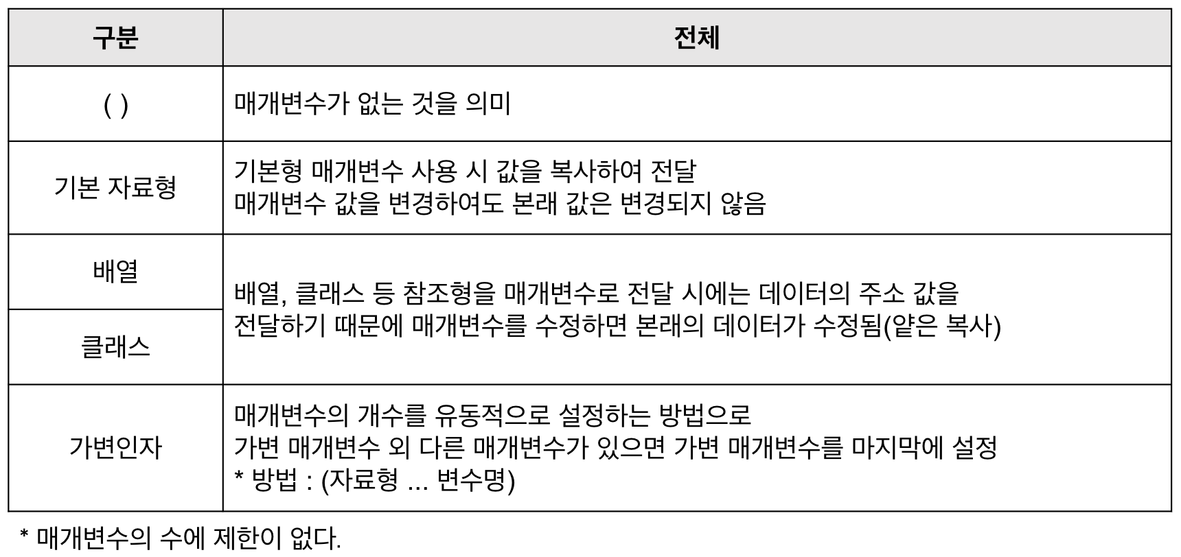 전달값,결과값 둘다 없을 수도 있다.
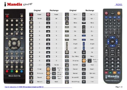 Un document est inclus pour vous aider à utiliser facilement la nouvelle télécommande, en indiquant la correspondance des boutons.
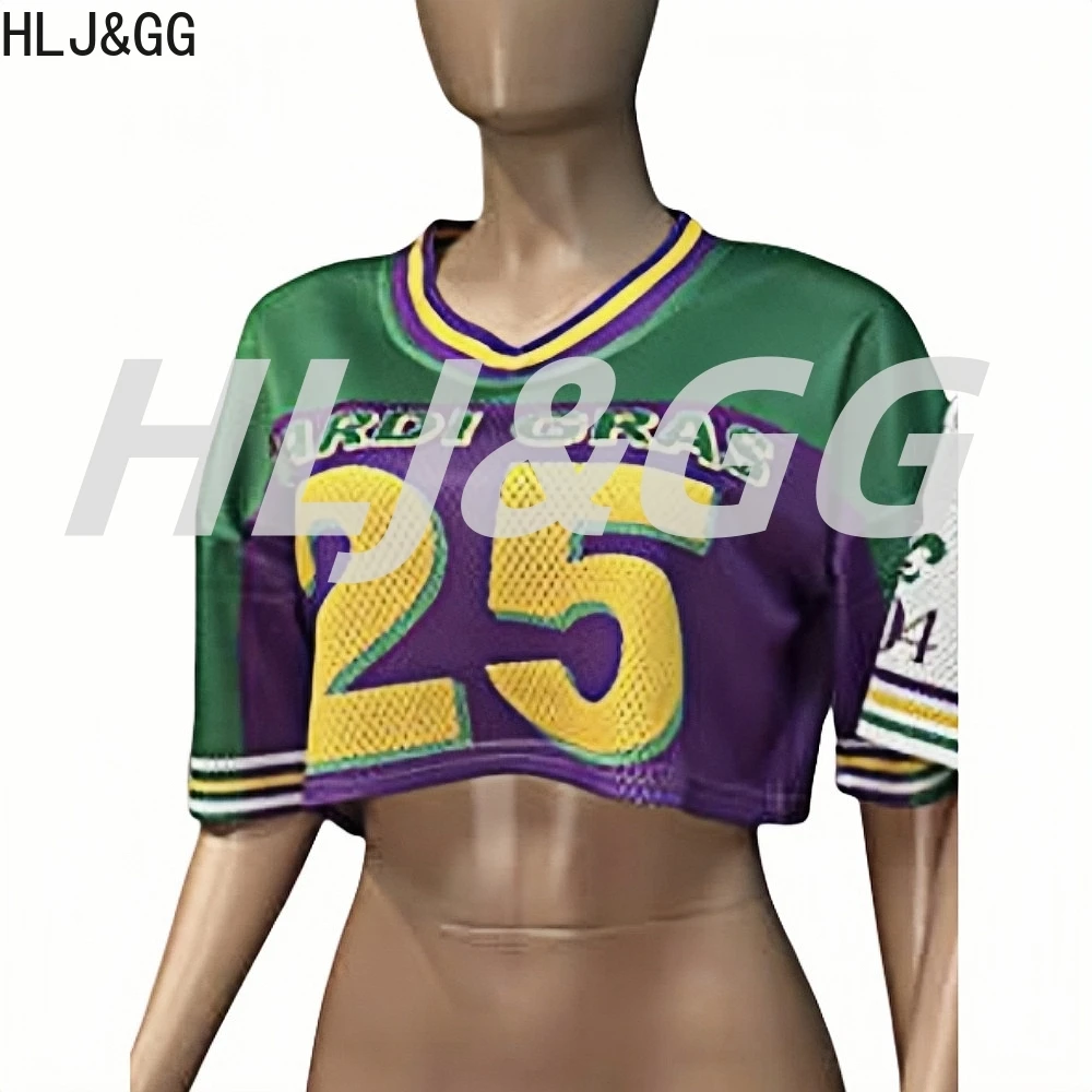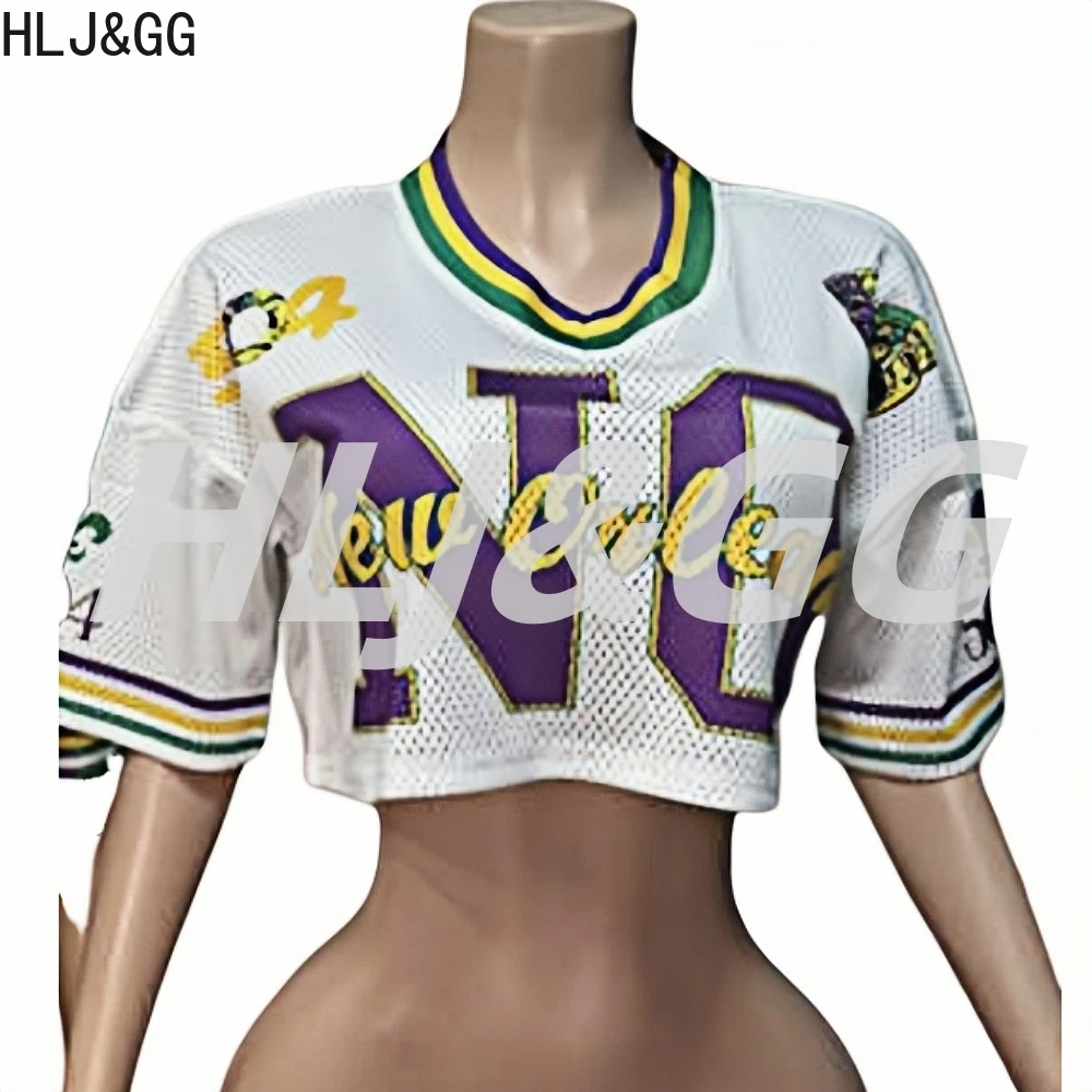 HLJ&GG Summer New American Retro Letter Print Tshirts Women V Neck Short Sleeve
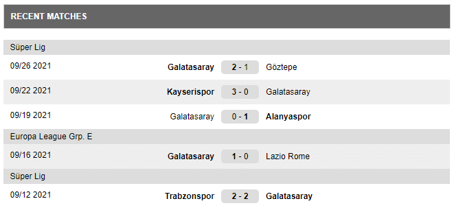 Înainte de recenta victorie de pe teren propriu cu Göztepe, Galatasaray avea o singură victorie în cinci meciuri competitive. În mod surprinzător, acest succes a venit în meciul de deschidere a grupei, contra lui Lazio Roma, unde Leii din Istanbul au beneficiat de o scăpare a portarului advers.
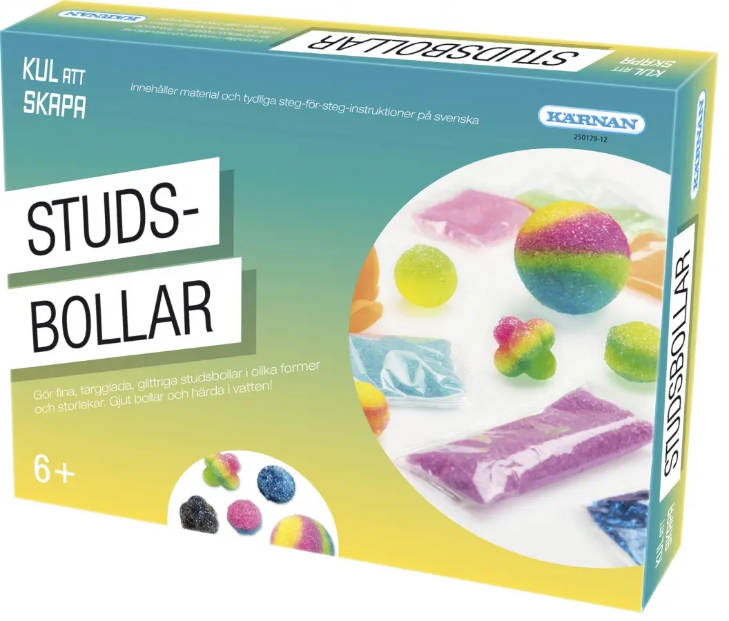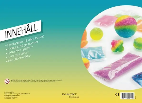 Innehåller: Studspulver (8 olika färger), 3 olika små gjutformar, en extra stor gjutform, 3 sorters glitter och instruktioner.
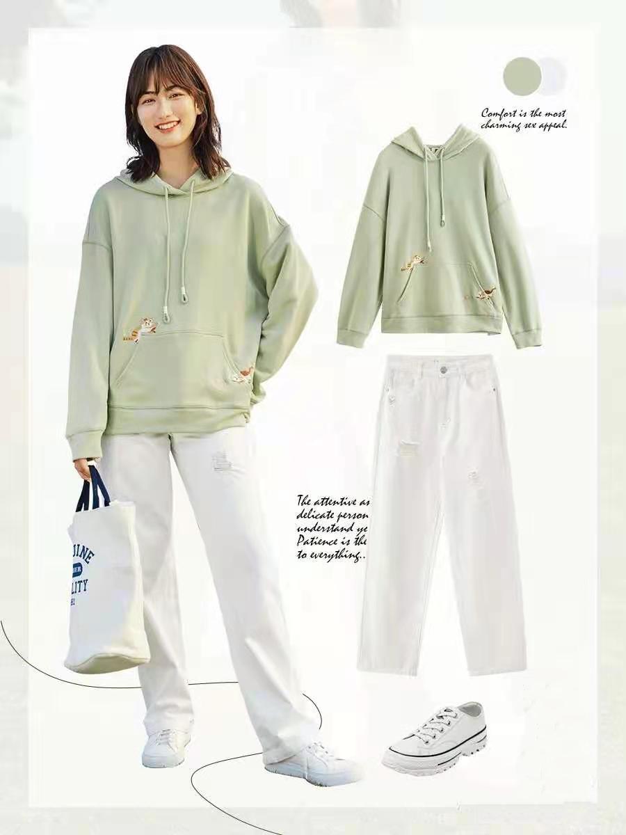 The hooded sweatshirt is also a relatively classic style. The addition of a hood design makes the sweatshirt more casual. Usually sweatshirts are of a relatively loose fit, with tops and bottoms tight, which can reveal your good figure.
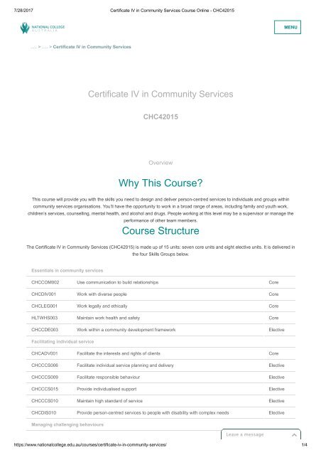 This will bring special encouragement and opportunities to the scheduled. Seven of the units/courses are core requirements. The program accepts both emerging and experienced professionals after taking all five courses in the program you will earn a centennial college community services management certificate that you can add to your. As a community services worker, you provide support, advocacy or interventions to individual clients, groups or communities across a range of to be awarded the certificate iv of community services you will need to complete 15 units of competency.
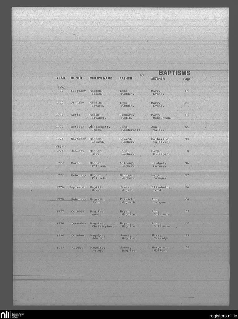 Mullingar; County of Westmeath; Diocese of Meath. Baptisms, Jan. 1776 to Mar. 1779
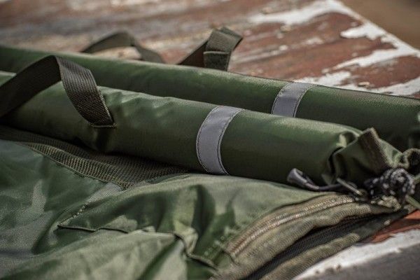 Náš retainer/Weigh Sling, ktorý je schopný poňať aj tých najväčších kaprov, má plávanie po celej dĺžke s reflexnými pásikmi. Ešte lepšie je, že sa môže pochváliť našou neuveriteľnou reflexnou šnúrou, ktorá sa rozsvieti ako reťaz vianočných LED diód v akomkoľvek lúči baterky. Toto je úhľadne umiestnené v samostatnom vrecku na zips v prednej časti praku, bezpečne mimo cesty, kým ho nebudete potrebovať. Vyrobené z ultrapevného materiálu, ktorý je šetrný k rybám, s „rýchlo odvodňovacími“ sieťovými časťami na dne.
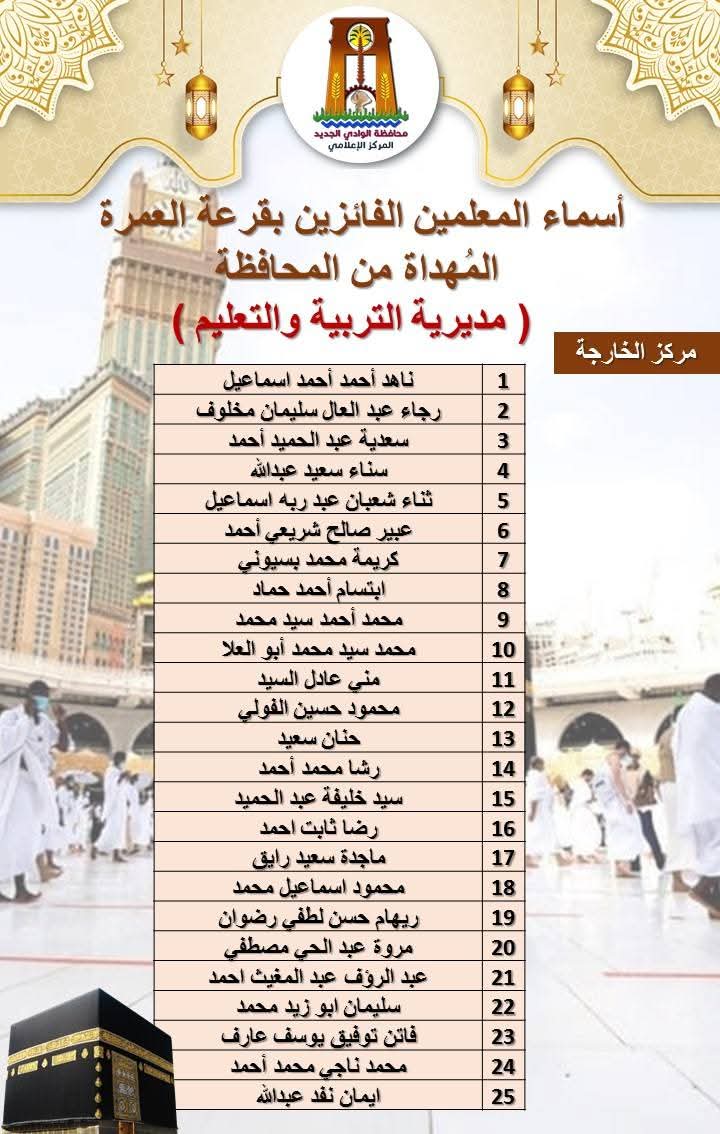 إجراء القرعة العلنية على 65 رحلة عمرة مجانية للعاملين بالتعليم والأزهر بالوادي الجديد
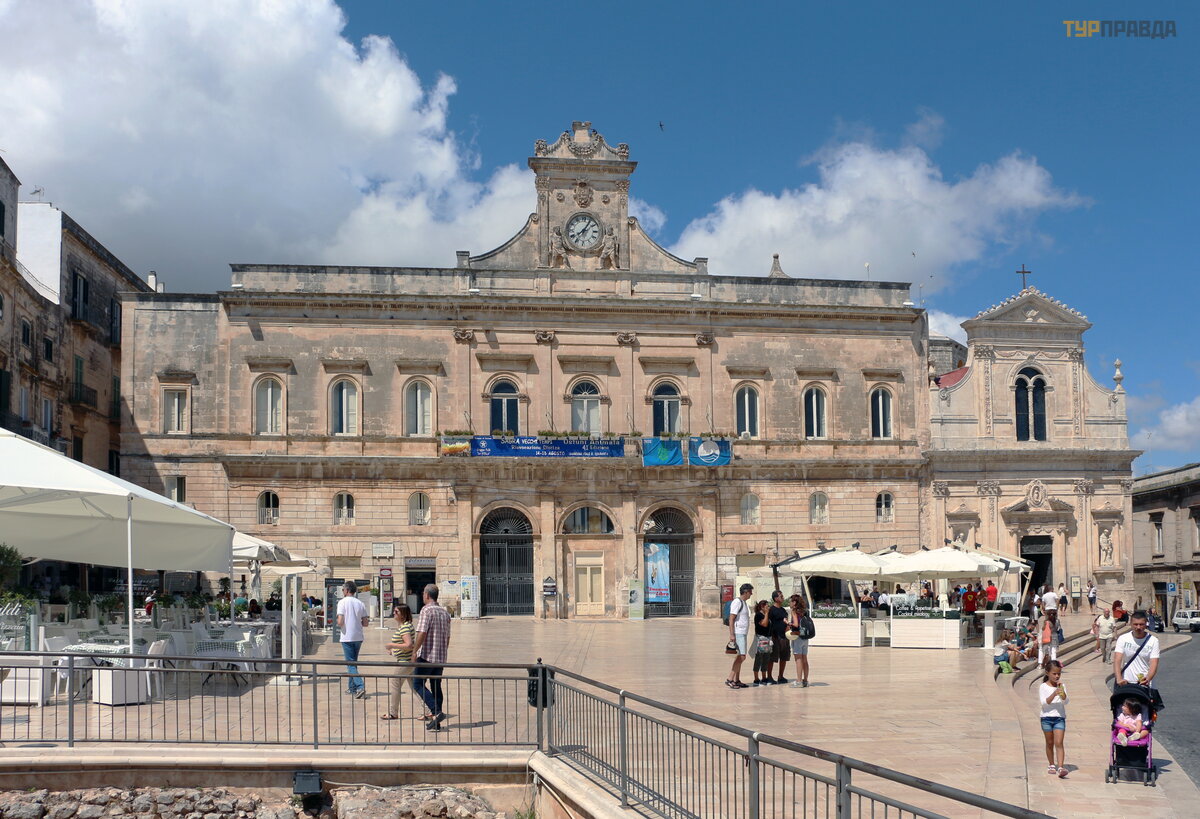 Miesto centras – Laisvė s aikš tė (Piazza della Libertà ). Č ia yra miesto administracijos rū mai (Palazzo del Comune), iš pradž ių buvę pranciš konų vienuolynas. Taip pat aikš tė je, kaip ir Leč ė je, iš kyla Š v. Oronzo smailė (Guglia di Sant'Oronzo) 1771 m. , kartu su š ventuoju globė ju, kuris saugo ir saugo miestą nuo rū pesč ių .
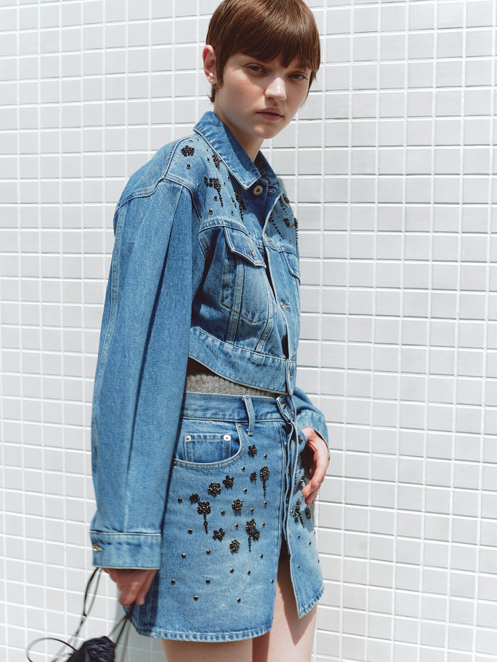 JACKET 18,920yen CARDIGAN 13,970yen BUSTIER 7,920yen SKIRT 12,980yen BOOTS 20,900yen BAG 15,950yen CAP 6,380yen PIERCED EARRING 6,380yen
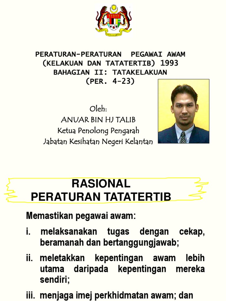Peraturan-Peraturan Pegawai Awam (Kelakuan Dan Tatatertib) 1993 - Peraturan Peraturan Pegawai Awam Kelakuan Dan Tatatertib 1993 : Walau bagaimanapun dari segi perundangan nama. Jabatan perkhidmatan awam malaysia (jpa) sukacita memaklumkan beberapa perkara yang berkaitan pengurusan tatatertib dalam perkhidmatan awam seperti berikut: (a)395/1993] seksyen 18, akta prosedur kewangan 1957. Peraturan ini kemudiannya telah dipinda beberapa kali. Asante a/p sanderasaidar suganthamalar a/p ratnam pengenalan peraturan kelakuan tatatertib adalah satu bentuk kawalan ke atas semua penjawat awam untuk menjamin keberkesanan sesuatu organisasi. Ramdani bahagian sumber manusia, jabatan pendaftar (kkl) kenapa kenapa diwujudkan peraturan tatatertib?
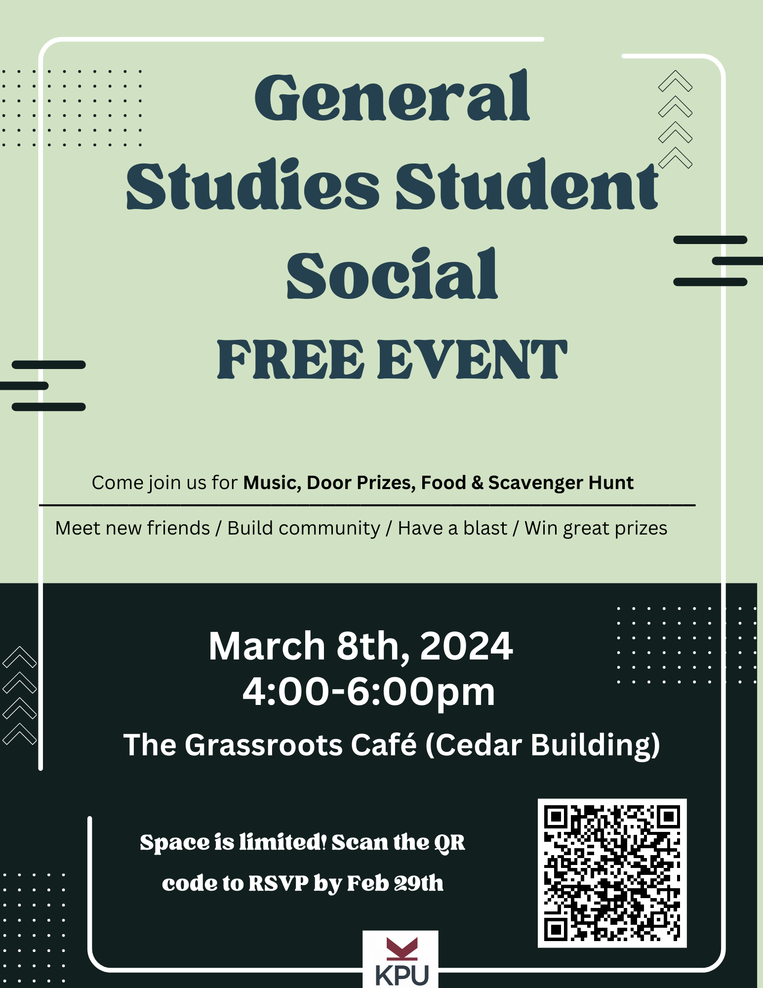 Use the QR Code to RSVP on the image below before February 29th and secure your spot or email dianne.simmons@kpu.ca.
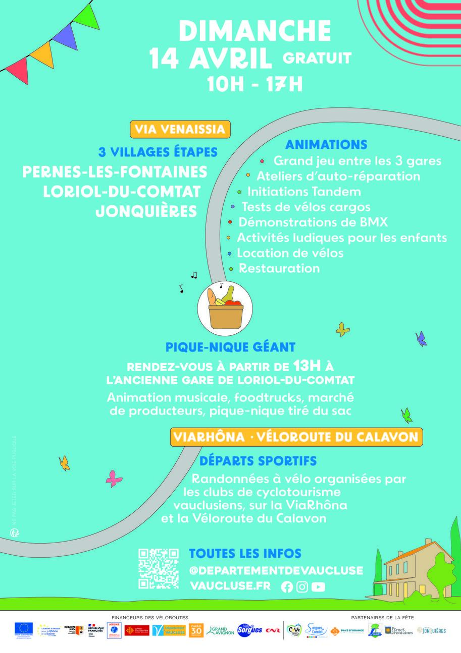 Les véloroutes départementales seront à la fête ce printemps, avec des défis sportifs sur la ViaRhôna et la véloroute du Calavon avant un grand pique-nique à la mi-journée à l'ancienne gare d'Aubignan-Loriol sur l'itinéraire de la Via Venaissia.

• • •

## Exercise aim
Write out, word for word, the stretch of entries that begins at the line with "Peraturan-Peraturan Pegawai Awam" and ends at the line with "Use the QR Code". Pictures do not belong in it.

## Response to this exercise
Peraturan-Peraturan Pegawai Awam (Kelakuan Dan Tatatertib) 1993 - Peraturan Peraturan Pegawai Awam Kelakuan Dan Tatatertib 1993 : Walau bagaimanapun dari segi perundangan nama. Jabatan perkhidmatan awam malaysia (jpa) sukacita memaklumkan beberapa perkara yang berkaitan pengurusan tatatertib dalam perkhidmatan awam seperti berikut: (a)395/1993] seksyen 18, akta prosedur kewangan 1957. Peraturan ini kemudiannya telah dipinda beberapa kali. Asante a/p sanderasaidar suganthamalar a/p ratnam pengenalan peraturan kelakuan tatatertib adalah satu bentuk kawalan ke atas semua penjawat awam untuk menjamin keberkesanan sesuatu organisasi. Ramdani bahagian sumber manusia, jabatan pendaftar (kkl) kenapa kenapa diwujudkan peraturan tatatertib?
 Use the QR Code to RSVP on the image below before February 29th and secure your spot or email dianne.simmons@kpu.ca.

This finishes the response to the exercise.